About the role
Roles & Responsibilities
● Develop and improve instrumentation for monitoring the health and availability, security, efficiency, and scalability of systems
● Troubleshoot and fix production outages and performance issues.
● Build automation tools for provisioning and managing our cloud infrastructure by leveraging the GCP and AWS Cloud Services.
● Contribute to enhancing and managing our continuous delivery pipeline
● Automate systems configuration by writing policies and modules for configuration management tools
● Enhance and maintain our logs collection, processing, visualization and alerting infrastructure.
● Should be ready to explore/POC on new technologies which will help the infrastructure to perform better
Skills and Requirements
● 2-4 years of professional experience.
● Must have strong automation/scripting skills (bash/python is mandatory, ruby is a plus).

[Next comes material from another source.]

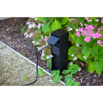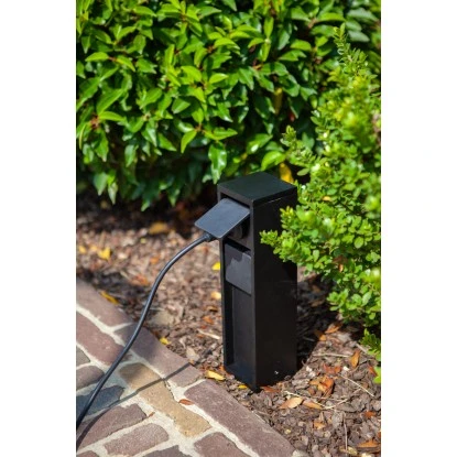 Der Lutec Stromverteiler Mains überzeugt mit einer hochwertigen Verarbeitung und einem schlichten, modernen Design in mattem Schwarz. Dank der Optik passt die aufrechte Steckdosenleiste in jeden Garten.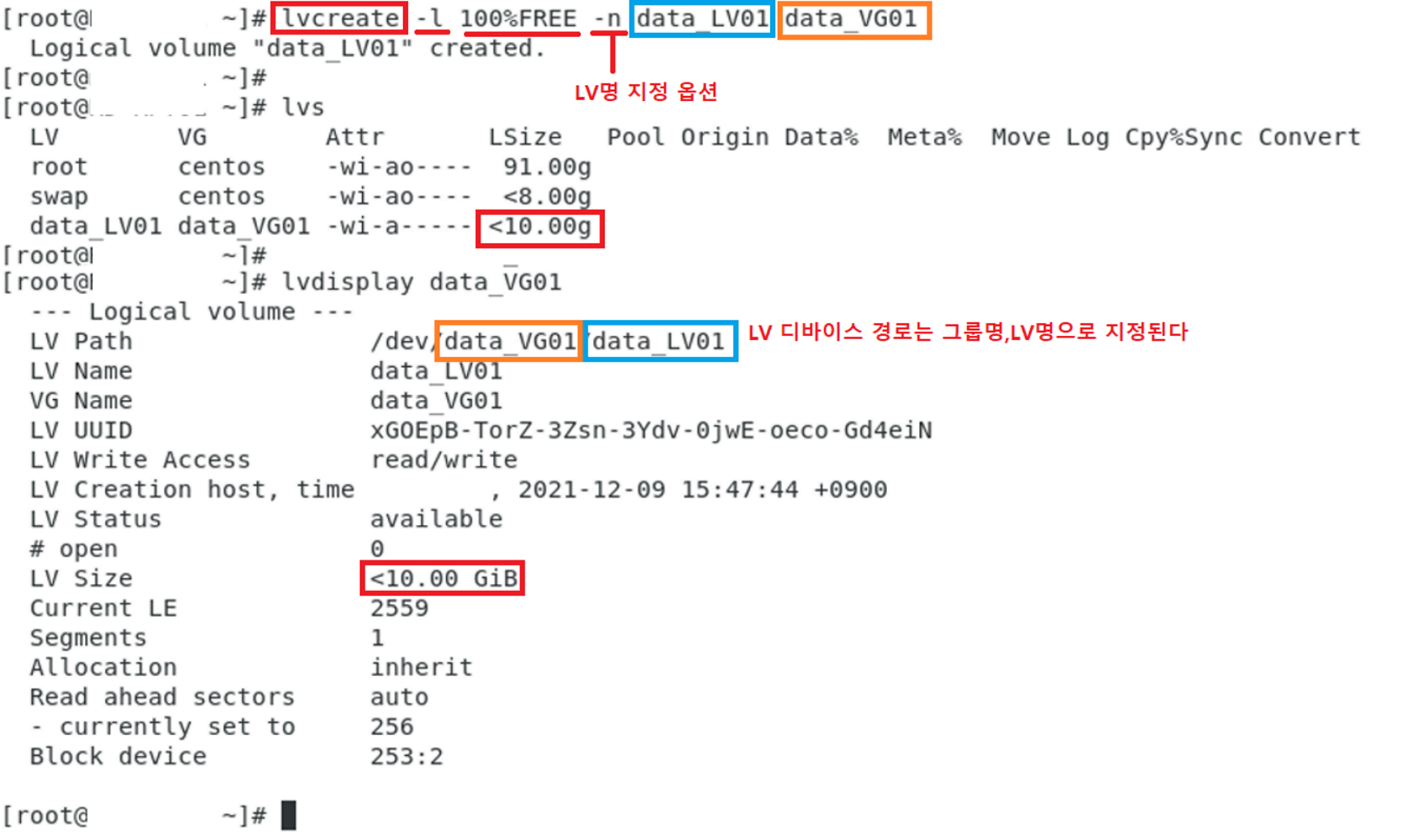 일부 용량 할당 명령어 : lvcreate -L 용량(GB,MB,KB) -n LV명 그룹명

● Experience supporting a managed cloud services infrastructure (AWS/GCP, preferably GCP).
● Ability to maintain, monitor and optimize production database servers.
● In-depth knowledge on Linux Environment(Centos/Ubuntu).
● Designing and implementing highly efficient solutions on Pubic Cloud for security, resilience, performance, networking, availability, Blue-green deployments in context of business application.
● Experience in capacity planning & design, cost and effort estimations and experience in Infra cost optimization.
● In-depth experience in setting-up/configuring Devops tools like redash, consul, grafana, ELK.
● Working experience on Rundeck is a plus.
● Experience with continuous integration and deploy tools (Jenkins is preferable ) and familiarity with configuration management tools (Working experience on Ansible is preferred).
● Independent ownership attitude and a track record of taking responsibility for problems and pushing through to the resolution.
● Strong networking skills to debug/fix any network related outages both in cloud/server stand point.
● Working knowledge on Terraform, Kubernetes is a must.